Responsible AI Governance in HR
The webinar dedicates significant time to the governance requirements for AI in HR:
- Bias testing: AI systems must be regularly tested across demographic groups before and after deployment
- Human review: AI recommendations in high-stakes decisions (hiring, promotion, termination) must involve meaningful human oversight
- Explainability: HR must be able to explain AI-assisted decisions to affected employees
- Employee transparency: workers have a right to know when AI influences decisions about them
FAQ: AI in HR
Does using AI in recruitment require disclosure to candidates? Yes, under GDPR and increasingly under sector-specific regulations and the EU AI Act. Candidates must be informed when AI is used in screening or assessment processes, and they generally have the right to request human review of automated decisions.

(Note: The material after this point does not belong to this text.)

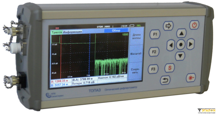 Универсальный оптический рефлектометр ТОПАЗ-9400-A-31-49-55-PMH со встроенным измерителем мощности, источником излучения и визуальным локатором дефектов волокна служит для проведения паспортизации, тестирования и поиска дефектов на всех видах оптоволоконных линий от локальных сетей и сетей доступа до городских и магистральных сетей. Благодаря большому динамическому диапазону и встроенным измерителю мощности и источнику излучения прибор эффективен при тестировании PON.
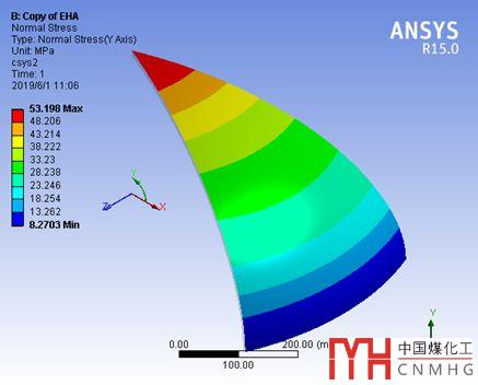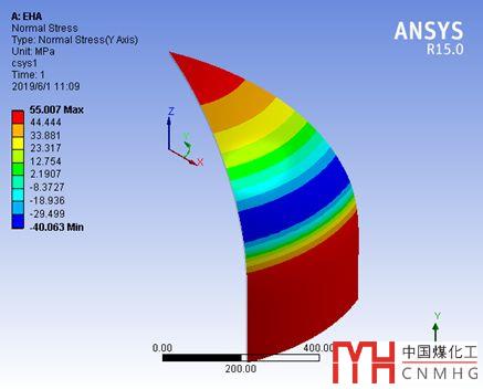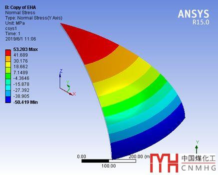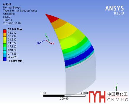 我們提取的是封頭外表面,圓柱坐標y方向(即周向)上的normal stress,即周向應力,封頭中心為拉應力53MPa,赤道處為壓縮應力50MPa。

How can we test our AI recruitment tool for bias? Regular disparate impact testing across gender, ethnicity, age, and other protected characteristics is essential. Results should be reviewed by HR, legal, and the AI provider before deployment and at regular intervals.
What HR processes are best suited for AI automation? Lower-stakes, high-volume processes: CV screening, interview scheduling, onboarding administration, FAQs, and policy queries. Higher-stakes decisions (compensation, promotions, terminations) should always involve human judgement, with AI providing data rather than decisions.